Profile Image for Cathy.
72 reviews1 follower
August 2, 2014
A collection of writing and art loosely themed around London's Regents Park, compiled by artist Sarah Pickstone and including many of her beautiful, luminous paintings. There are extracts of work from famous writers who have lived near, or written about, or been inspired by Regents Park, as well as by contemporary writers. Pickstone, in her introduction, says 'my interest in drawing this park lay in a combination of nature and human narrative and that the park was in some way an exquisite example of this'. Her paintings too are exquisite, often featuring delicate, ghostly images of female writers associated with the park alongside images of nature: trees, flowers, water.
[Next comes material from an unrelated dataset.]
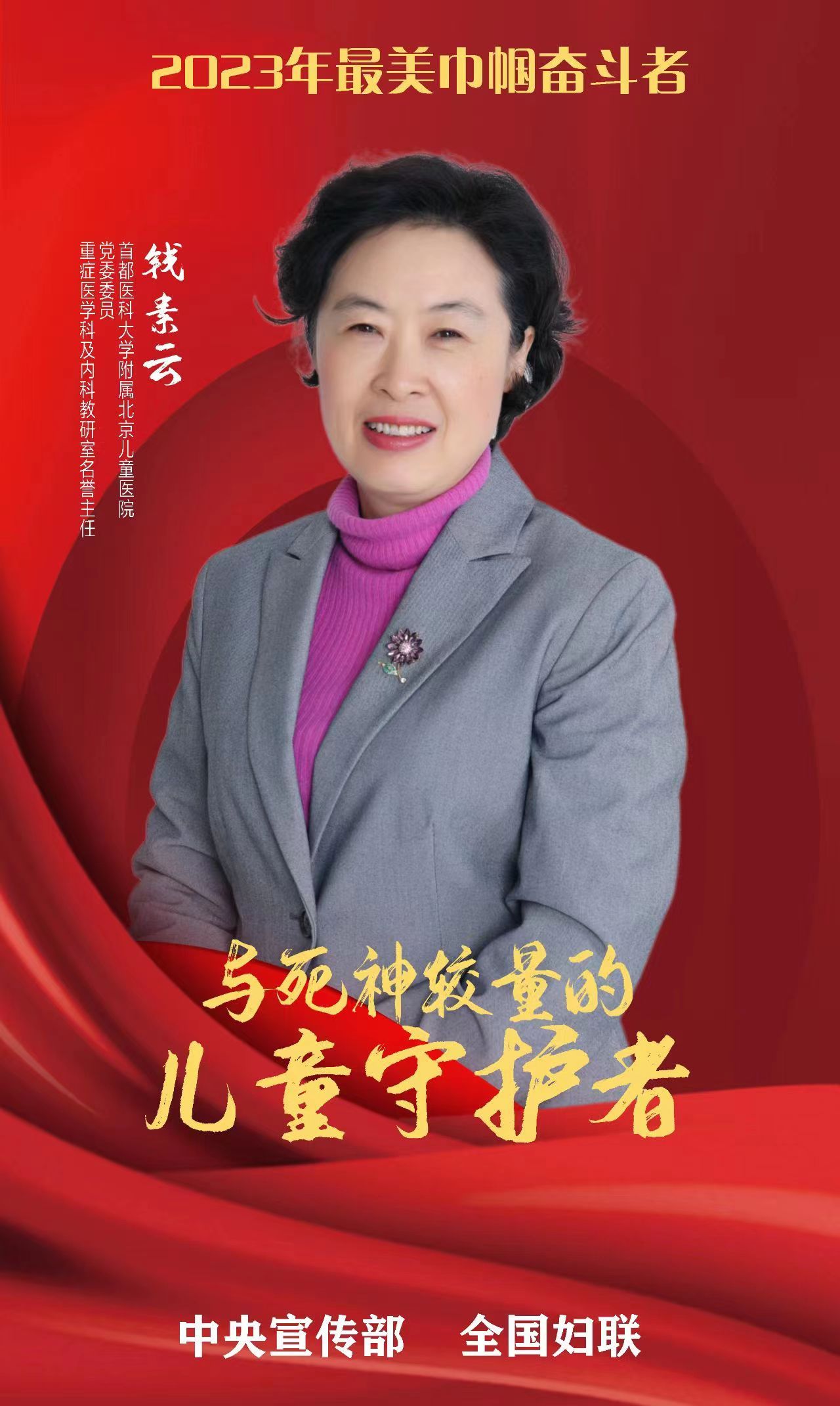 钱素云、陈雨佳、宋寅、孙金娣、王霜、杨浪浪、石丽平、宋晓玲、武桂珍、徐崇彦10位全国三八红旗手标兵光荣入选2023年“最美巾帼奋斗者”。她们坚持以习近平新时代中国特色社会主义思想为指导,对党忠诚、信念坚定,自信自强、敬业奉献,有的以精湛的医术守护人民健康,有的在高水平科技前沿阵地勇攀高峰,有的投身乡村振兴带领村民增收致富,有的站在三尺讲台为党育人为国育才,有的扎根基层用心用情用力服务群众,有的为建设海洋强国贡献青春力量,有的作为中国女足“领头雁”为国争光……她们始终坚持人民至上,厚植为民情怀,用坚定信仰诠释初心,用实际行动担当使命,谱写了“巾帼心向党 奋进新征程”的壮丽华章。

There are extracts from work by Elizabeth Bowen, Katherine Mansfield, Virginia Woolf, Mary Shelley, Fanny Burney, George Eliot and Angela Carter; poems by Stevie Smith, Sylvia Plath and Elizabeth Browning. A Finale by Marina Warner discusses ideas of art and gender; of sacred space and time, and how painting can transport us into other worlds; and of how we need artists to help us see the everyday things of life more clearly, such as the dying moth which is the subject of Virginia Woolf's essay included in the book. Warner concludes with a passage from Woolf's novel To The Lighthouse, in which the artist Lily Briscoe examines the picture she is painting, makes the final mark which finishes it, and realises she has had a moment of sudden clarity and vision. This, Warner suggests, is Woolf's 'lasting manifesto for why artists make their art' - and of course, too, why writers write.

However, the book is not all high art and vision. There are a number of short stories and essays by contemporary writers. Iain Sinclair describes going on an expedition with a photographer friend to take pictures of the feral pigeons which roost under bridges, in a world which seems far from the politeness of Regents Park. Amanda Coe writes about walking a new puppy in the park, and the messy business of toilet training; she speculates that perhaps it was having to deal with the bodily functions of her spaniel, Flush, which gave Elizabeth Barrett the courage to leave her couch-ridden, Victorian spinster's existence and elope to Italy with Robert Browning (and the pampered Flush, of course). Photographs of book covers and manuscripts accompany the text; the opening page of Angela Carter's Wise Children, handwritten on lined A4 paper, is remarkably neat. No cut-and-paste or delete key here.

This is a book to dip into, full of thoughts about writing, about art, and about nature - albeit the somewhat tamed version of nature that is Regents Park. A book to treasure and revisit time and again, like the park itself.